Agora apresso-me a acrescentar que mais uma vez os anglicanos não são a única tradição que pode reivindicar a combinação do Evangelho e uma ordem católica (reformada). Eu não ousaria sugerir que o Evangelho está ausente das igrejas católica romana e ortodoxa, por exemplo, mesmo que sua compreensão seja um pouco diferente de nós, protestantes. E no lado protestante das coisas, todos os pontos a favor do anglicanismo que mencionei acima também podem ser encontrados em outras igrejas protestantes. Tanto os luteranos quanto os reformados têm grande reverência pelos sacramentos e pelas ricas teologias sacramentais. Algumas igrejas luteranas e reformadas não anglicanas mantiveram o episcopado. Os reformadores do século XVI e os grandes sistematizadores protestantes dos séculos seguintes estavam imersos no pensamento patrístico, qualquer que fosse sua confissão particular. Há luteranos e até um punhado de monásticos reformados. Os luteranos em particular podem muito bem contestar a afirmação do anglicanismo de ser a Reforma mais conservadora, descartando cautelosamente apenas o que é necessário ser descartado.
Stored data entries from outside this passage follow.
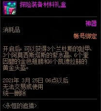 参与永恒的追猎活动能够获得一个材料礼盒,攻略是以这个材料礼盒为基础进行的疲劳值计算的,所以记得领取这个盒子。
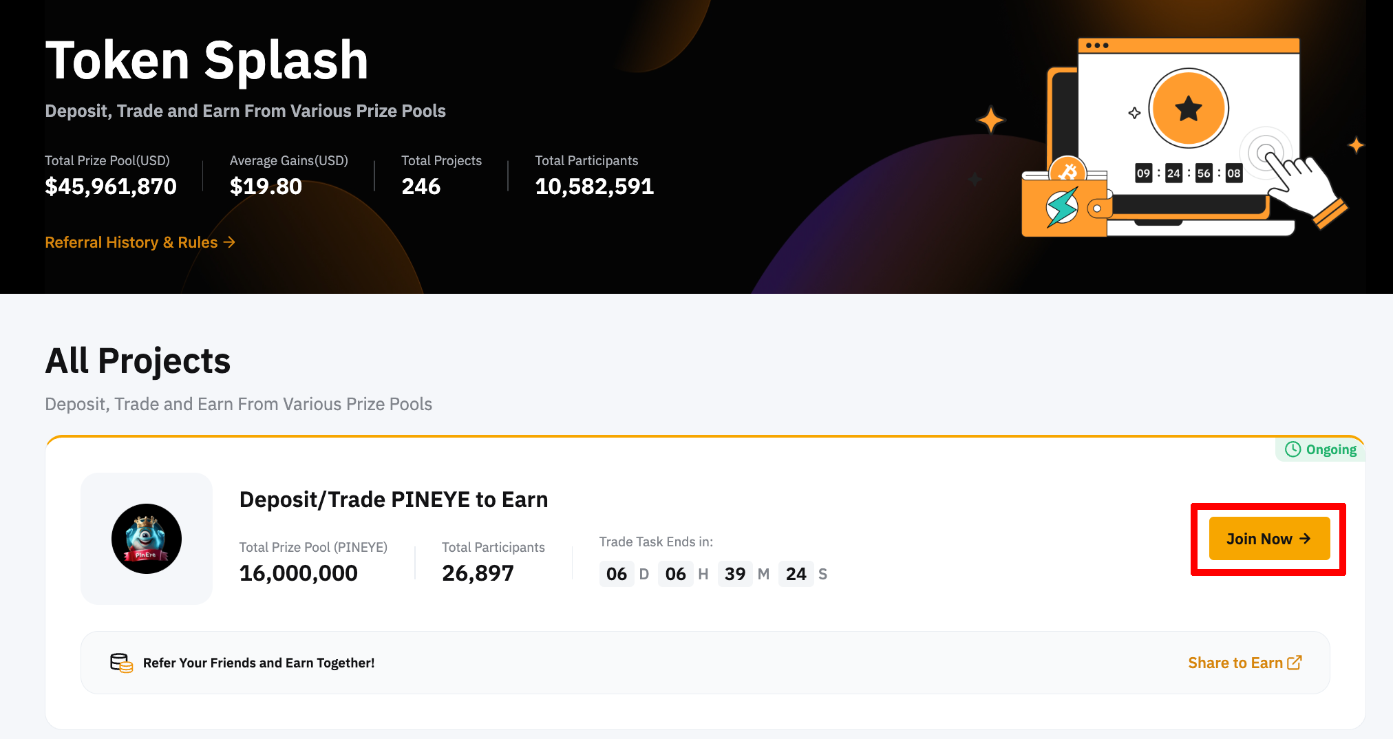 토큰스플래시 페이지에 접속하면 아래와 같이 이벤트가 진행 중인 프로젝트를 확인할 수 있습니다. 여기에서 보상 풀의 규모와 참가자 수, 이벤트 종료까지 남은 시간 등이 표시되는데요.
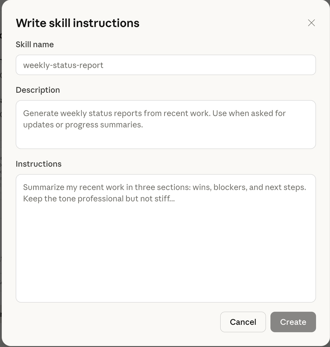 The key difference from simply pasting instructions into every conversation is persistence and context awareness. Skills become part of Claude’s working knowledge for your workspace. They’re always available, always consistent, and they evolve as you refine them over time.
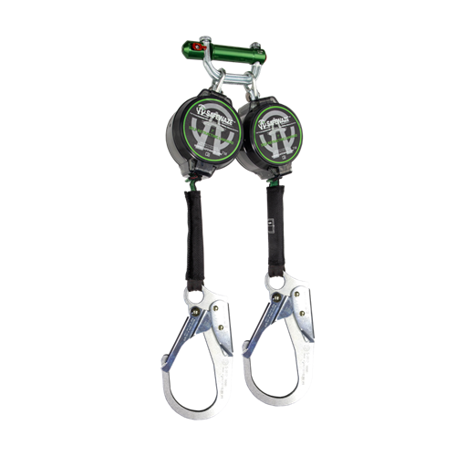The Safewaze 018-5139 dual leg unit with steel form accommodating hooks is lightweight with a durable translucent housing that not only looks unique, but protects the internal components from debris and contamination. The housing also makes for easy viewing and inspection of the webbing, reserve line, and pawl assembly. This unit comes with our 9013 behind the web bracket.

Mas por uma variedade de razões, ao longo do desenvolvimento das tradições protestantes ao longo da história, o anglicanismo em geral me parece ser o que melhor combina um compromisso com o Evangelho com um relacionamento generoso — até mesmo reverência — pelo passado cristão (no mínimo, nosso perigo é deixar nossa reverência pelo passado eclipsar nossa proclamação direta do Evangelho e nos levar a uma rejeição de nossa herança especificamente anglicana, mas isso é outro assunto). E isso também me parece um bom motivo para me tornar um anglicano.


E então isso, em última análise, é minha tentativa de responder à pergunta do meu amigo: o irenismo protestante do anglicanismo, sua vida litúrgica e ascética (especialmente o ofício diário), sua combinação de fé evangélica e ordem católica me parecem algumas das melhores razões para um protestante magisterial procurando uma igreja se tornar anglicano em vez de algum outro tipo de cristão. Você pode adicionar outras. Até este ponto, evitei argumentos estéticos, mas acredito que as nossas liturgias tradicionais são as mais belas da língua inglesa, que o vestido do coro anglicano é a vestimenta clerical mais digna e adorável, que nossa tradição musical é uma joia (mais em configurações diárias de ofício e salmodia do que hinos; nossa hinologia deve muito aos luteranos e não conformistas). Agora, eu não escrevo isso para exortá-lo a sair da igreja onde você está atualmente. Se você está em um lugar onde é nutrido pelas riquezas da graça de Deus, graças a Deus! Mas se você estiver procurando por uma igreja, eu o encorajaria a visitar a igreja anglicana mais próxima (ou entre em contato comigo e tentarei encontrar uma recomendação de igreja!). E independentemente da comunidade eclesial particular dentro da única Igreja de Cristo na qual você se encontra, espero que você receba algumas das forças particulares do anglicanismo como dádivas para você, assim como nós, anglicanos, buscamos aprender e nos aproximar de Deus por meio do carismas de outras igrejas. Existe, afinal, uma só igreja e um só pastor — um só Senhor, uma só fé, um só batismo — uma só esperança de glória para a qual todos somos chamados.


Benjamin Crosby é um sacerdote da Igreja Episcopal servindo na Igreja Anglicana do Canadá e um doutorando em história eclesiástica na Universidade McGill.